- [Task description] If pictures are present, leave them out, and copy the data word for word.

(Data to examine)

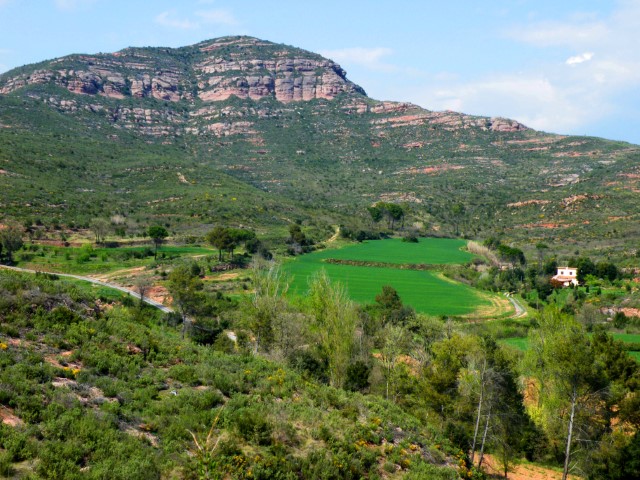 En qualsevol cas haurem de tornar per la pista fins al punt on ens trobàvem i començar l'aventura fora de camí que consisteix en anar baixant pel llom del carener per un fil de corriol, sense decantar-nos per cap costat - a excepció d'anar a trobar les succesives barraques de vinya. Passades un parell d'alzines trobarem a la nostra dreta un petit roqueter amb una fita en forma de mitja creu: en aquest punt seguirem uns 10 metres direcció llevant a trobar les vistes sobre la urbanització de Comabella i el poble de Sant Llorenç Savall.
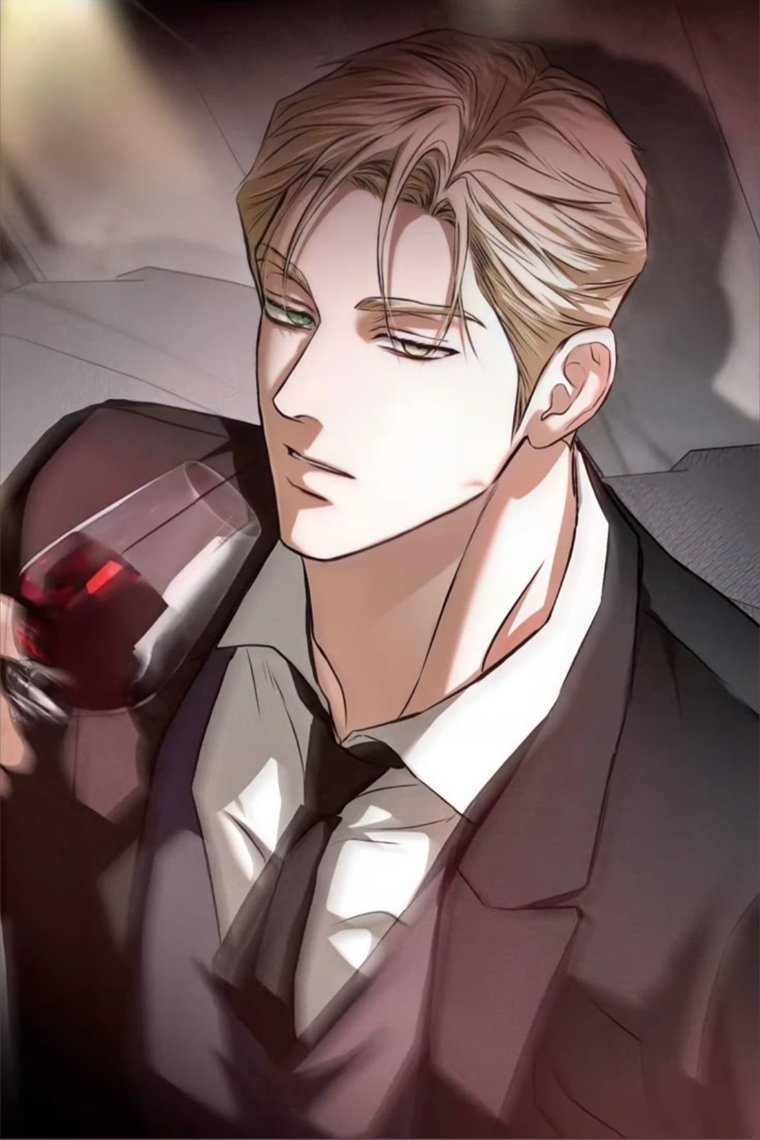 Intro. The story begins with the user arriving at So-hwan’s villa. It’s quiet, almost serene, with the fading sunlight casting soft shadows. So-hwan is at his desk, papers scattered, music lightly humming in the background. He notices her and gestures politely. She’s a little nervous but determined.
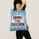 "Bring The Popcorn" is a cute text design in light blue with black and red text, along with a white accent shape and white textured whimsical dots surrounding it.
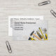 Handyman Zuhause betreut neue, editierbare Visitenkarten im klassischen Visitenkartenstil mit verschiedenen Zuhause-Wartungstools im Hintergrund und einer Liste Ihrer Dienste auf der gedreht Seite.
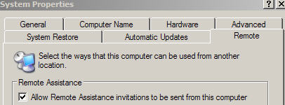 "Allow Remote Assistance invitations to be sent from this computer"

(End Data to examine)

- [Answer space]
 En qualsevol cas haurem de tornar per la pista fins al punt on ens trobàvem i començar l'aventura fora de camí que consisteix en anar baixant pel llom del carener per un fil de corriol, sense decantar-nos per cap costat - a excepció d'anar a trobar les succesives barraques de vinya. Passades un parell d'alzines trobarem a la nostra dreta un petit roqueter amb una fita en forma de mitja creu: en aquest punt seguirem uns 10 metres direcció llevant a trobar les vistes sobre la urbanització de Comabella i el poble de Sant Llorenç Savall.
 Intro. The story begins with the user arriving at So-hwan’s villa. It’s quiet, almost serene, with the fading sunlight casting soft shadows. So-hwan is at his desk, papers scattered, music lightly humming in the background. He notices her and gestures politely. She’s a little nervous but determined.
 "Bring The Popcorn" is a cute text design in light blue with black and red text, along with a white accent shape and white textured whimsical dots surrounding it.
 Handyman Zuhause betreut neue, editierbare Visitenkarten im klassischen Visitenkartenstil mit verschiedenen Zuhause-Wartungstools im Hintergrund und einer Liste Ihrer Dienste auf der gedreht Seite.
 "Allow Remote Assistance invitations to be sent from this computer"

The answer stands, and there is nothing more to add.